-------- PROVIDED DATA
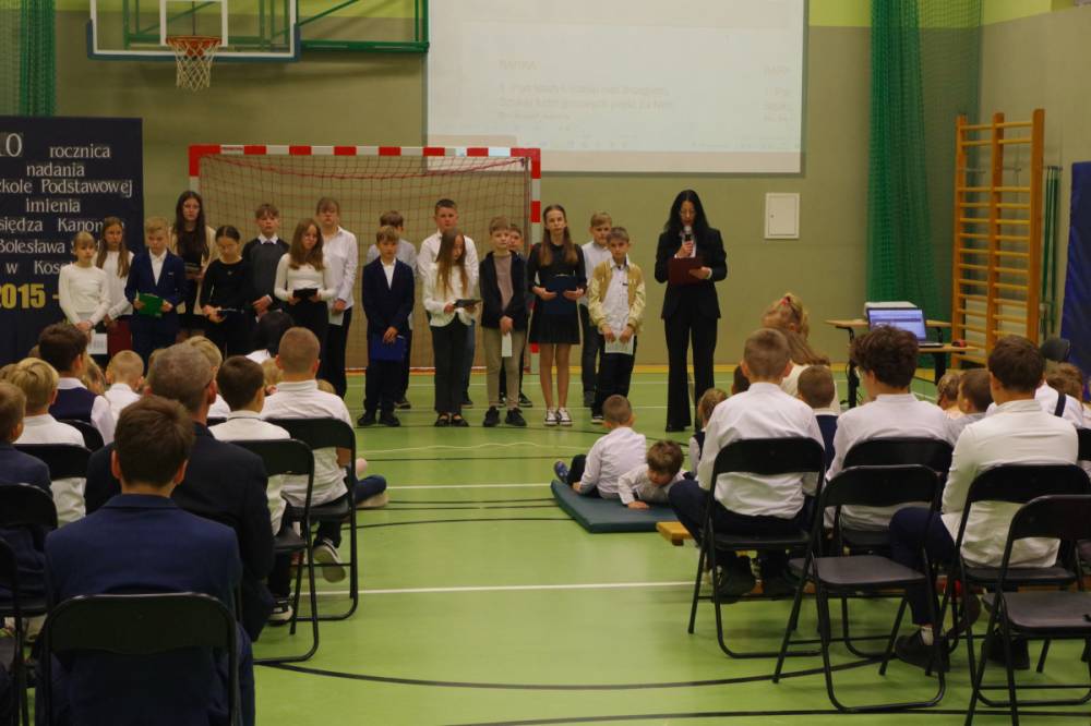 Dzisiaj 19 maja obchodziliśmy X rocznice nadania szkole imienia Księdza Kanonika Bolesława Śledzia. Inauguracją obchodów była uroczysta Msza Święta w której udział wzięli nasi uczniowie, nauczyciele i rodzice. Po Mszy Świętej udaliśmy się na cmentarz, gdzie uczniowie złożyli kwiaty i zapalili znicze na grobie patrona naszej szkoły, następnie wróciliśmy do szkoły na uroczysty apel przygotowany przez uczniów kl. V. W czasie występu uczniowie przybliżyli sylwetkę Patrona Szkoły – Księdza Kanonika Bolesława Śledzia w Kosobudach.
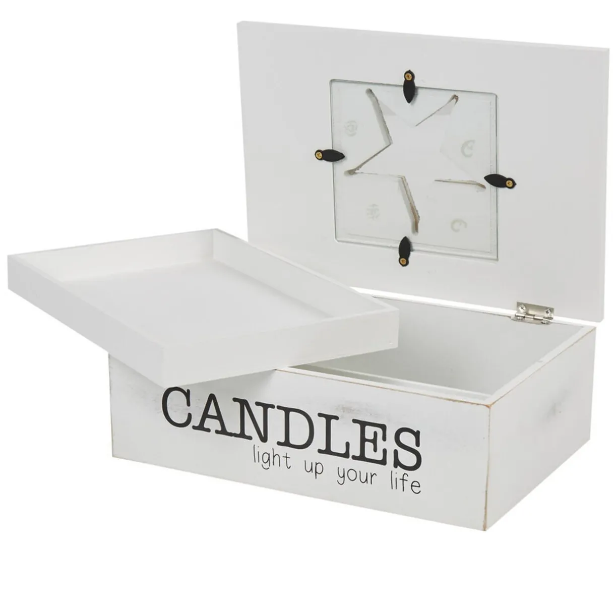 Boîte décorative design Candles en bois blanc, dim. 16,5x24x8,3 cm.
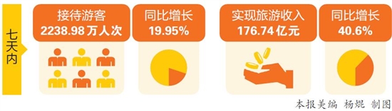 今年国庆假期,7天时间云南接待游客2238.98万人次,同比增长19.95%;实现旅游收入176.74亿元,同比增长40.6%,假日旅游市场繁荣稳定、亮点纷呈。
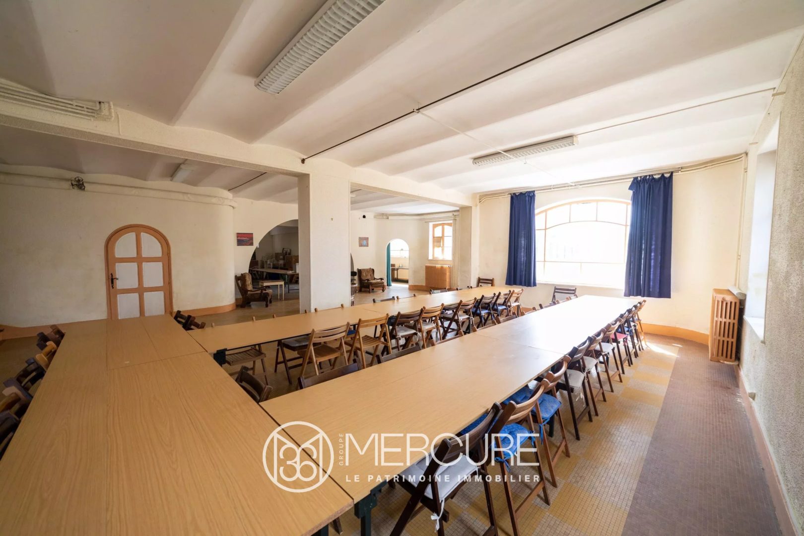 En rez-de-jardin : grande réception de 165m² avec espace cuisine, cave à vins, buanderie, celliers, chaufferie.
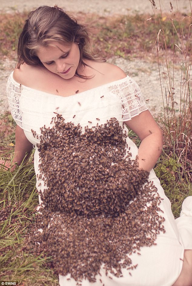 準媽媽「讓2萬隻蜜蜂爬滿孕肚」拍獨特孕婦寫真!預產期前6天「寶寶卻不動了」:只被螫3次...
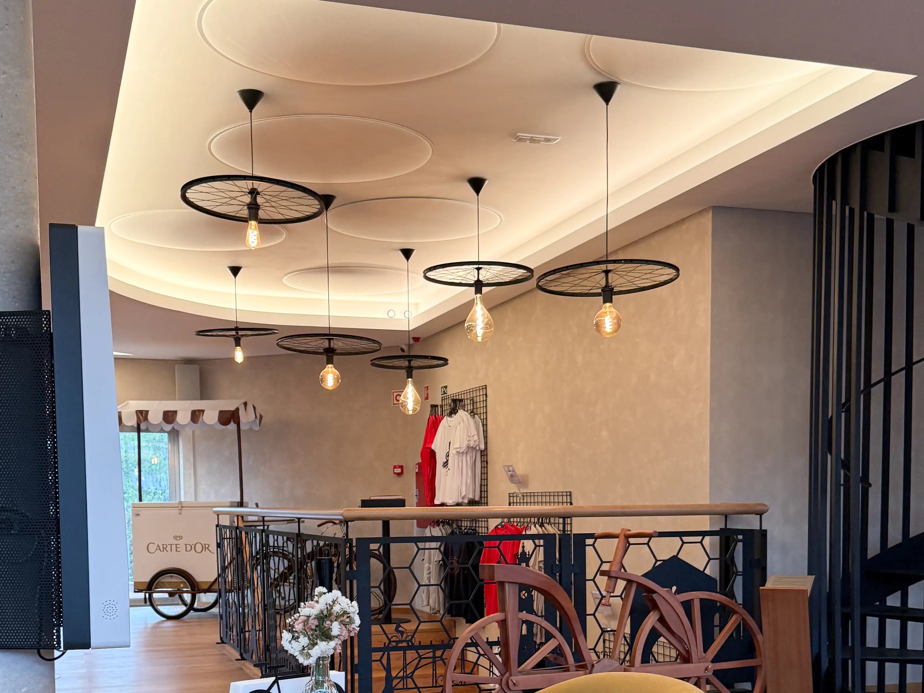 - Sinergia circular com ViCloud VMT 3D: Os painéis ViCloud VMT 3D Round Colors (White) complementam os criativos lustres em forma de roda de bicicleta no átrio. Estas elegantes "nuvens" controlam a acústica num espaço de pé‑direito elevado, funcionando como uma extensão natural do design de iluminação.
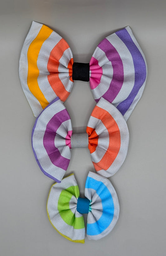 Bellie Bear Bows - Grey Rainbow Stripe
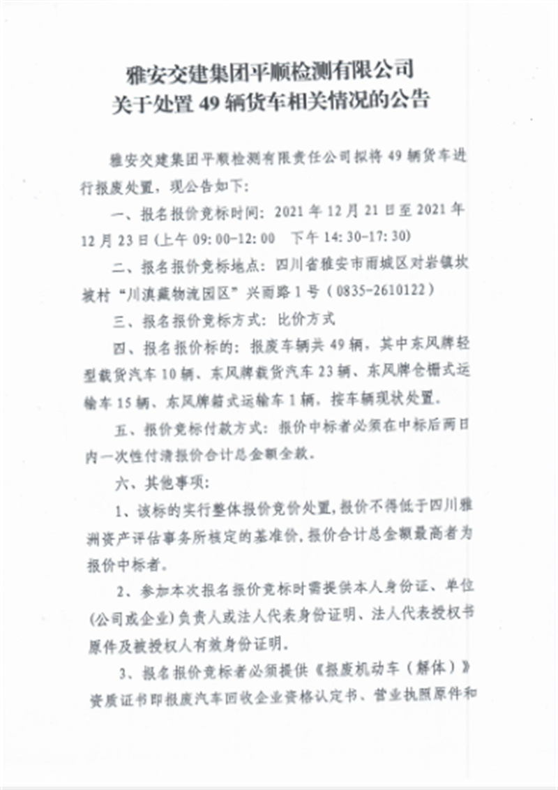 雅安交建集團(tuán)平順檢測有限公司 關(guān)于處置49輛貨車相關(guān)情況的公告
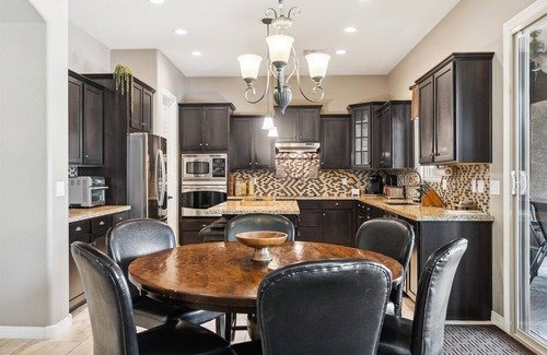 Other amenities: The large saltwater pool will keep you cool in the warmer months and can be heated in the cooler season (spa heat is included, pool heat additional $50/day fee). Relax on the patio while you barbecue on the natural gas grill or roast marshmallows over the fire pit. The backyard is spacious and completely private. There are plenty of chairs and chaises. The remote controlled misting system will cool the air by up to 20 degrees even in the hottest months.
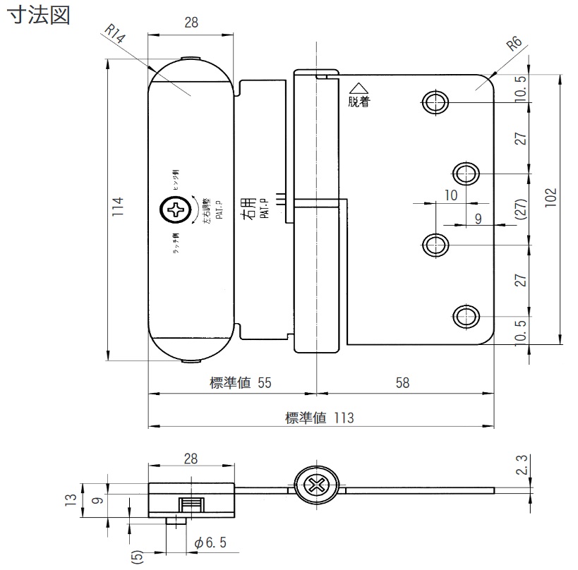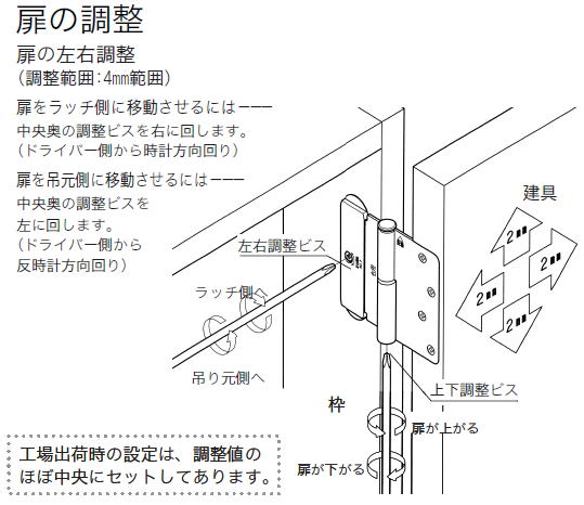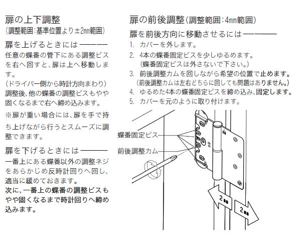 DAIYASU 三次元調整機能付 室内建具蝶番 AE-3DC DAIYASU 三次元調整機能付 室内建具蝶番 AE-3DC 上下調整値 ±2mm 左右調整値 4mm範囲内 前後調整値 ±2mm 定格荷重 15kg/蝶番1枚 推奨扉厚 33~40mm 推奨枠厚 24~30mm 扉の上下、左右、前後調整が可能なので扉施工後のチリ修正が簡単です。 オリジナルカバーの装着により、扉を開いた時の外観がスッキリと見えます。 取り付けビス付き 品番 左右 入数 価格 購入数 AE-3DC-WB-L 左用 1枚 1,690 - + AE-3DC-WB-R 右用 1枚 1,690 - +
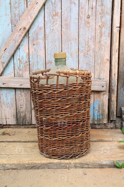 Корзина с бутылкой на фоне забора
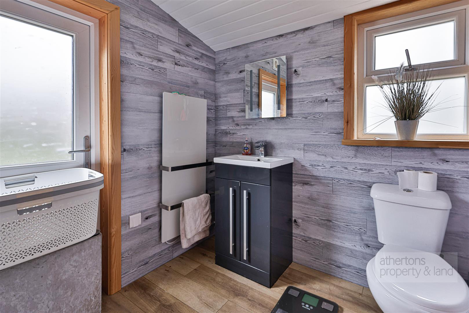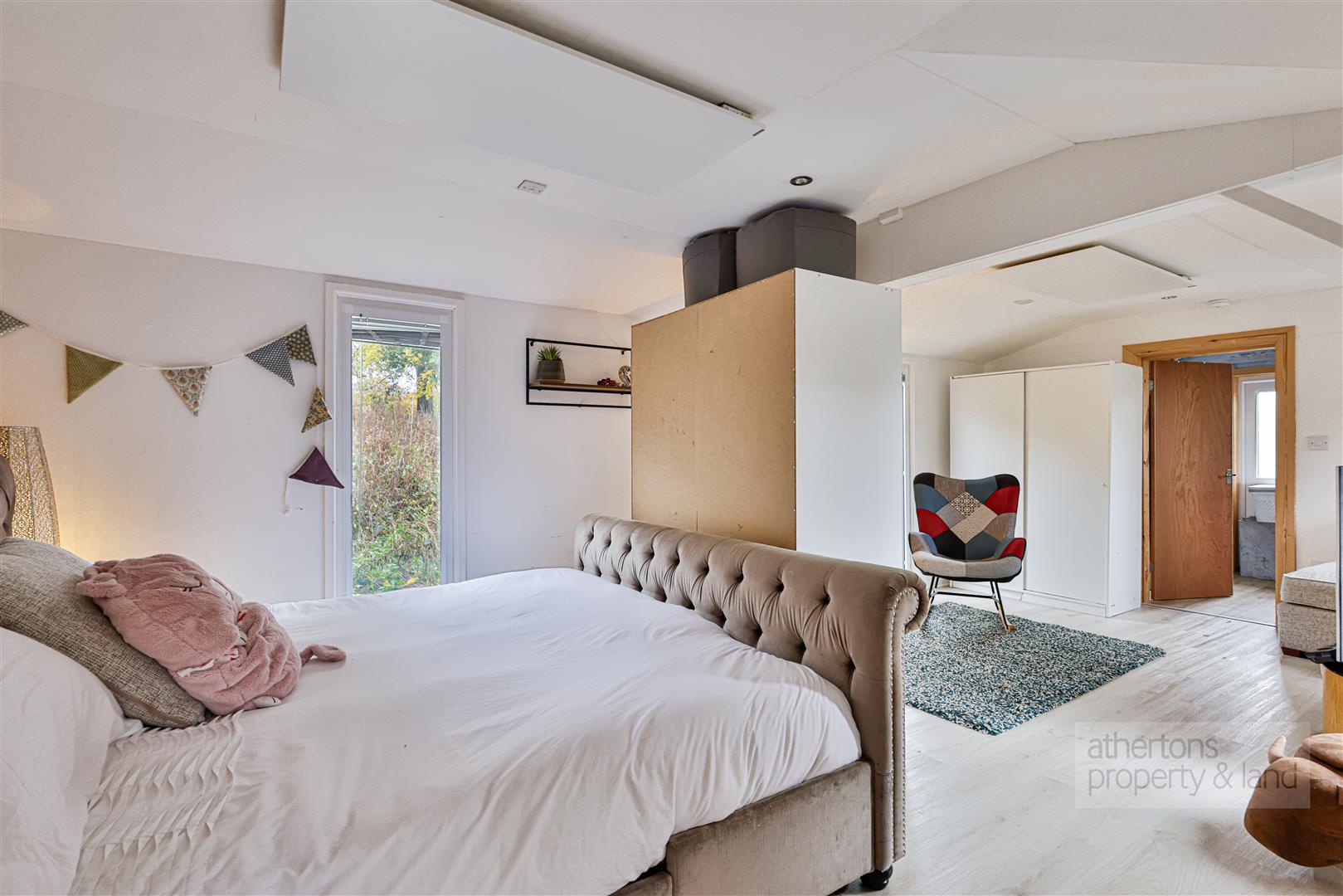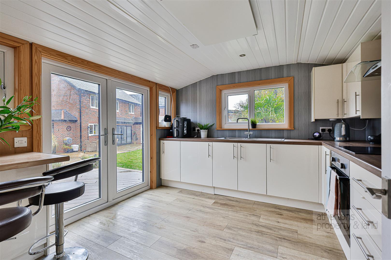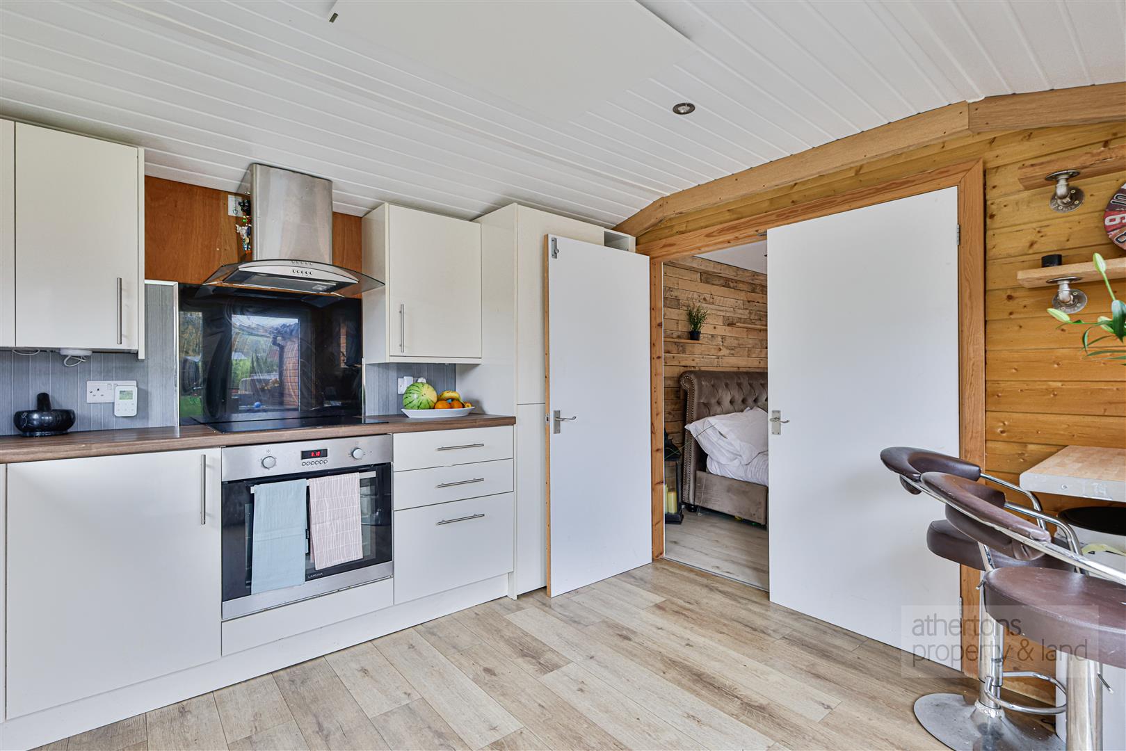 Positioned within the garden, the one-bedroom cabin/annexe offers an exceptional self-contained space comprising a breakfast kitchen with integrated appliances, an open-plan living and bedroom area, and an en-suite shower room with storage. Fully double-glazed, with electric heating and composite decking, it provides ideal accommodation for guests, independent family members, or home business use.
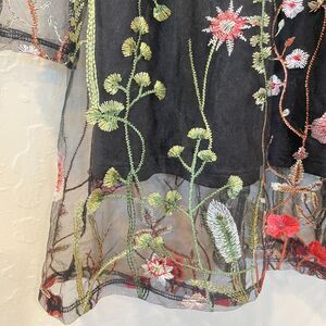 ~ Lg Floral Boho Sheer Dress Botanical Black Flowers Long Sleeve Bohemian Knee
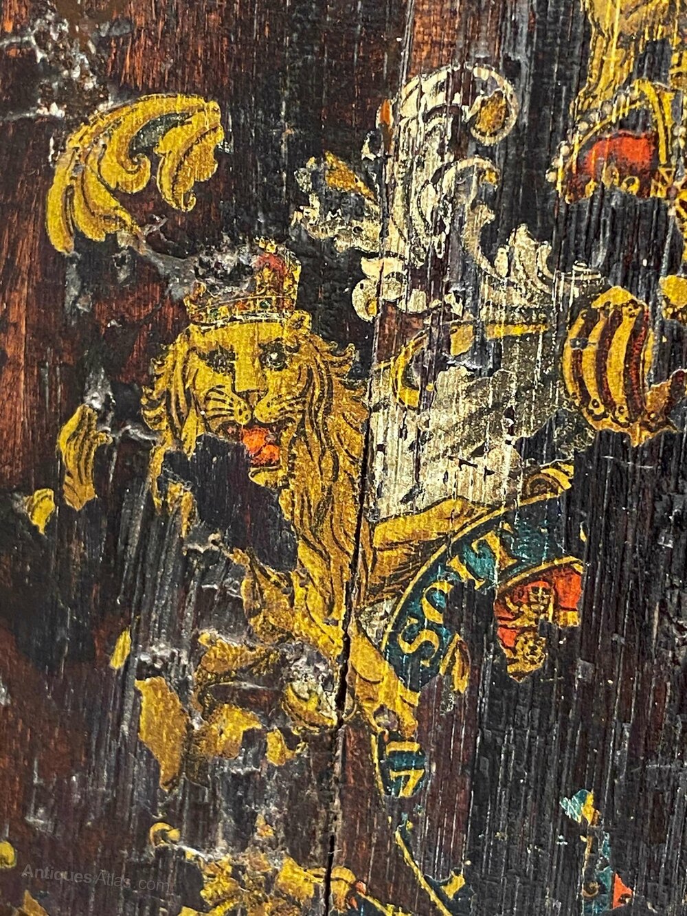 Adorned with faded remnants and traces of a polychrome décor coat of arms.
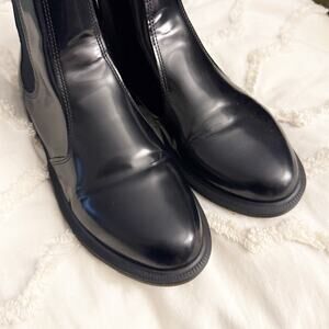 DR MARTENS | Flora Shine Shiny Chelsea Boots Pull-on Elastic Black | Size 10
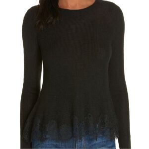 NWT REBECCA TAYLOR Lace Trim Wool Blend Sweater
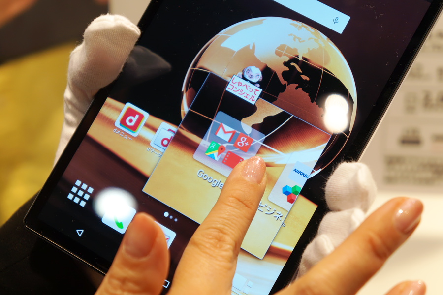 1200×1920のWUXGA表示に対応する約7.0インチのIGZO液晶を備えたAQUOS PAD SH05G。計測中だが重量が210g台に抑えられており、従来機種の「SH-06F」の約233gよりもさらに軽く仕上がった。オクタコアプロセッサー「Snapdragon 810 MSM8994」に、2GBのメモリー、32GBのストレージを備えている。OSはAndroid 5.0となっている
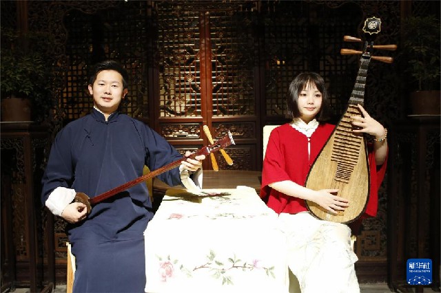 4月5日,演員在蘇州網師園內演奏江南絲竹。
----------------
* [YOUR OBJECTIVE]
What you write must match the listing exactly, from the line with "Positioned within the" up to and including the line with "NWT REBECCA TAYLOR". Pictures stay out.

* [OUTPUT FOR THIS EXERCISE]
 Positioned within the garden, the one-bedroom cabin/annexe offers an exceptional self-contained space comprising a breakfast kitchen with integrated appliances, an open-plan living and bedroom area, and an en-suite shower room with storage. Fully double-glazed, with electric heating and composite decking, it provides ideal accommodation for guests, independent family members, or home business use.
 ~ Lg Floral Boho Sheer Dress Botanical Black Flowers Long Sleeve Bohemian Knee
 Adorned with faded remnants and traces of a polychrome décor coat of arms.
 DR MARTENS | Flora Shine Shiny Chelsea Boots Pull-on Elastic Black | Size 10
 NWT REBECCA TAYLOR Lace Trim Wool Blend Sweater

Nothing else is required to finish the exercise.